Stabroek News letters

Dear Editor,

During the course of the last week, the Walter Rodney Commission of Inquiry Report was leaked to the press and made public. The findings were as damning as they were politically devastating. This was closely followed by two rulings from Chief Justice Chang. In one the Chief Justice dismissed a summons filed by the Chief Elections Officer which sought to strike out the Elections Petition filed on behalf of the PPP. The Chief Justice ruled that the said summons was premature and without merit. In the second ruling, the Chief Justice granted a number of orders, the essence of which declared that two ministers of the coalition government, Winston Felix and Keith Scott, were occupying seats in the National Assembly unlawfully. The latter is indeed a landmark ruling in the sense that it is the first time in living memory that the judiciary has pronounced against the legality of the composition of the legislature.

These rulings were made on the 19th February, 2016. The Attorney General was not present but the Deputy Solicitor General and a Senior State Counsel who appeared with the Attorney General from the inception of these proceedings were. Approximately ten hours thereafter and very late in the night, the Attorney General spoke with the press. He launched a tirade of disparaging remarks concerning the judge. He alleged that he was not given a hearing. That is far from the truth. I applied for and obtained a copy of the official record of the court. It is called a ‘fly leaf’. It is a record by the registrar of the judge, of every step taken in a matter before the court. It is a public document and members of the public can apply for a copy. This document shows that the matter was called four times before the Chief Justice. On three occasions, the Attorney General appeared with his two juniors. On the fourth occasion, he was absent but his juniors were present. It also shows that the Attorney General made oral submissions once and two sets of written submission were laid over to the court on his behalf. Indeed, another opportunity was granted for the Attorney General to lay over another set of submissions but he never did so. In short, the Attorney General was heard thrice in the matter.

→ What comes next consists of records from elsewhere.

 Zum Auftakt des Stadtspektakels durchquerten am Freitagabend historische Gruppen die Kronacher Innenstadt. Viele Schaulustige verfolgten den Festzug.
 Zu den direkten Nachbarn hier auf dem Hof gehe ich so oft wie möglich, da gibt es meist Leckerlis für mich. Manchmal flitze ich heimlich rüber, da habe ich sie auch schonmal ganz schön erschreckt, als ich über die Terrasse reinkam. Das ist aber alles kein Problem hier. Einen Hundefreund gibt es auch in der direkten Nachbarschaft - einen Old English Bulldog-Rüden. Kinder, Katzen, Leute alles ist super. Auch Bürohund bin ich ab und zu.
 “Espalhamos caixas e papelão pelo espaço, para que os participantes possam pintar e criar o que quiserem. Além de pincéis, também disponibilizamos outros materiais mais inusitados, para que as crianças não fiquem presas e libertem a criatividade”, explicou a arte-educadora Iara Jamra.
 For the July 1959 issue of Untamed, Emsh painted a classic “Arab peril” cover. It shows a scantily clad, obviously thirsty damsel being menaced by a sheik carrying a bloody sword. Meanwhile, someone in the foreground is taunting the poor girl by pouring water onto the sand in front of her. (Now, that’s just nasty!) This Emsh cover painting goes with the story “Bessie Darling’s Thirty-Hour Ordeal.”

After receiving the Walter Rodney’s CoI report, the government was silent for almost a week. Then the President himself broke the silence. He publicly repudiated the report, deeming it “flawed”. He opined that the commissioners acted on hearsay and incredible evidence and “gobbled up” huge sums of money. The President further threatened to “challenge” the report, but omitted to say how. His remarks are worthy of comment.

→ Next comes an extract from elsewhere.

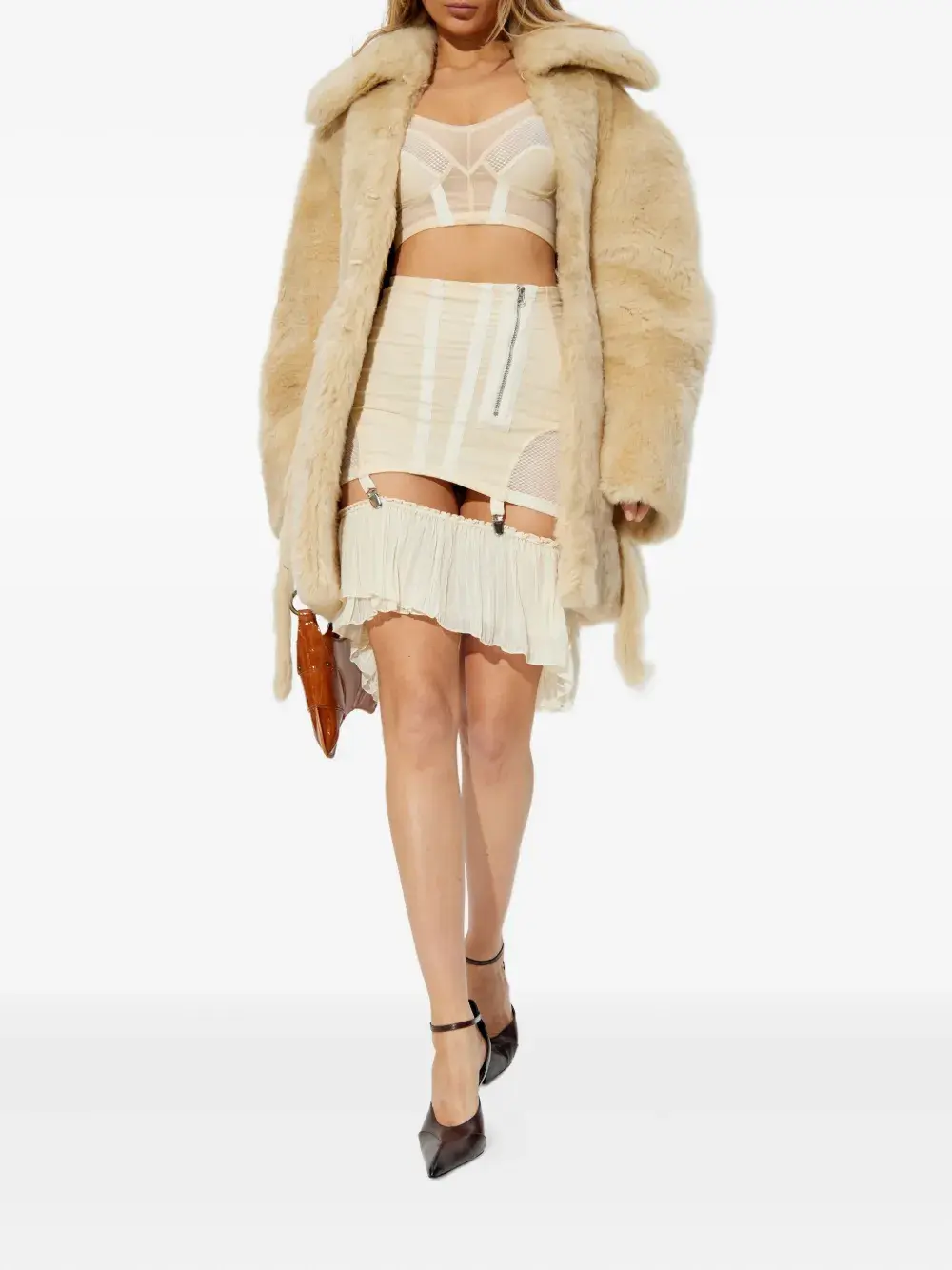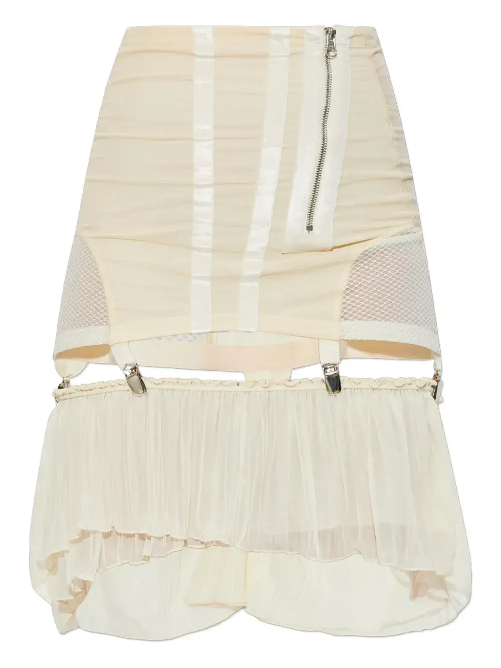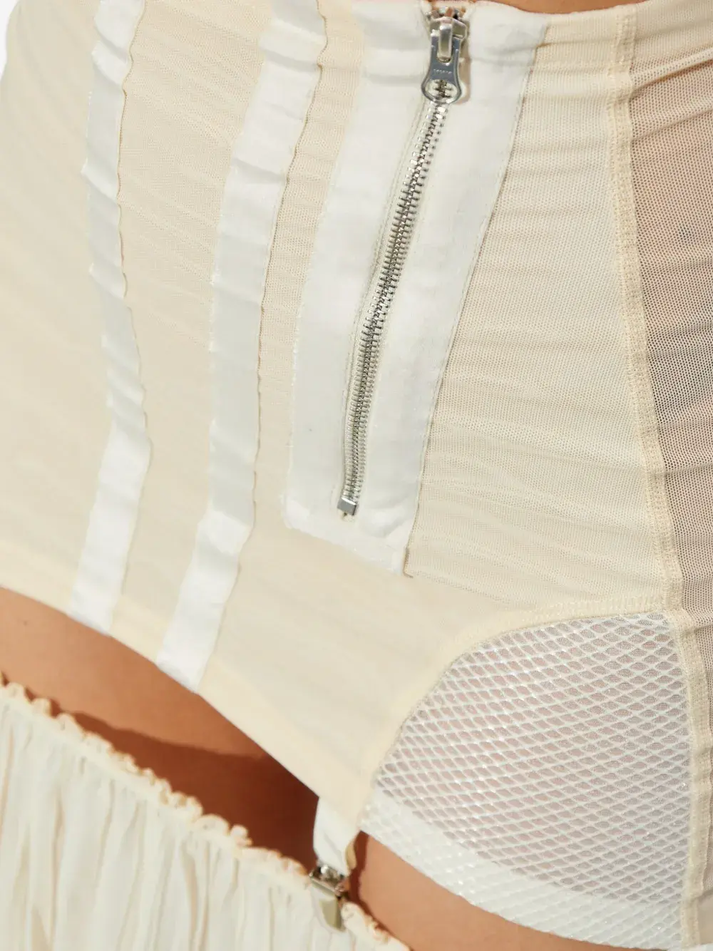 Светло-бежевый цвет, отделка молнией, воланистый подол, сетчатые вставки, застёжки-клипсы, многослойная конструкция

This Inquiry was commissioned by President Donald Ramotor under the Commissions of Inquiry Act Cap. 19:03. Section 3 of this Act provides that any commission established under the Act may be revoked by the President by a notification to that effect published in the Gazette. Section 4 states: “No commission issued under this Act shall lapse by reason of, or be otherwise affected by the death, absence, or removal of the President issuing the same”. When President Granger assumed office, he did not revoke this commission appointed by his predecessor. Therefore, by operation of Section 4, it became his commission. President Granger therefore will go down in history as perhaps the only President who has repudiated the findings of his own commission of inquiry. In terms of the money spent on this inquiry, Section 15 of the Commissions of Inquiry Cap vests in the President the power to direct what remuneration should be paid to the commissioners, the secretary, and … “any other expenses attendant upon the carrying out of any such commission … such sums so directed shall be paid by the money provided by Parliament.” Every cent spent by the PPP/C government towards this commission was done with the support of an APNU and AFC controlled National Assembly which rejected important Bills and cut national budgets.

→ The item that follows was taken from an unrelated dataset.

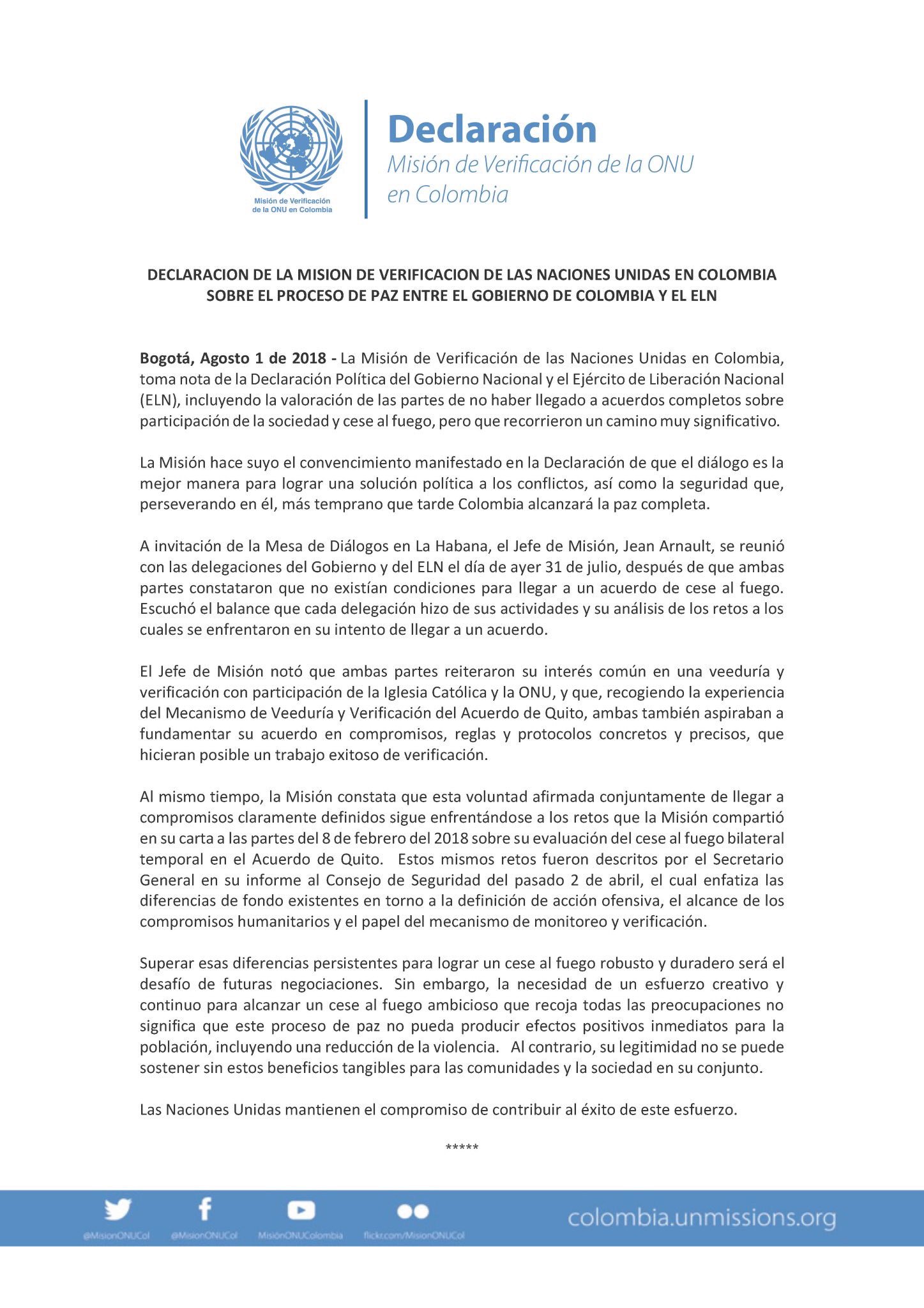 The United Nations said that it “maintains committed to contribute to the success of this effort” to end a seemingly endless war.

Regarding the evidence, it is trite law that the rules of evidence applicable to a court of law in litigation do not apply to commissions of inquiry. This is a universal principle. Inquiries of this type are inquisitorial and not adversarial. In other words, they are fact-finding missions. A Canadian judge expressed the principles thus:

“… A Royal Commission is not for the purpose of trying a case or a charge against any one, any person or any institution – but for the purpose of informing the people concerning the facts of the matter to be inquired into. Information should be sought in every quarter available…

“Everyone able to bring relevant facts before the Commission should be encouraged, should be urged, to do so.

“Nor are the strict rules of evidence to be enforced; much that could not be admitted on a trial in Court may be the utmost assistance to the Commission …”(1934 O.W.N.418 per Justice Riddell.).

Therefore, hearsay evidence and that which is inadmissible in a court would be received at an inquiry. It is quite striking that President Granger would choose to speak about the evidence when it must have been his decision to truncate the inquiry and thereby deny it the opportunity of hearing from witnesses who may have had vital information. Indeed, since it was his inquiry, President Granger had the glorious opportunity of ensuring that every witness who he believes should have testified be made available to do so. Unfortunately, he chose to shut down the inquiry instead.

The President cannot approbate and reprobate on this matter.

However, in the end, it appears that few in government are the only persons on planet earth who seem to be shocked by the findings of this commission. To the intelligent mind apprised of the reality of those times, that Forbes Burnham masterminded a plot to kill Walter Rodney was always a foregone conclusion.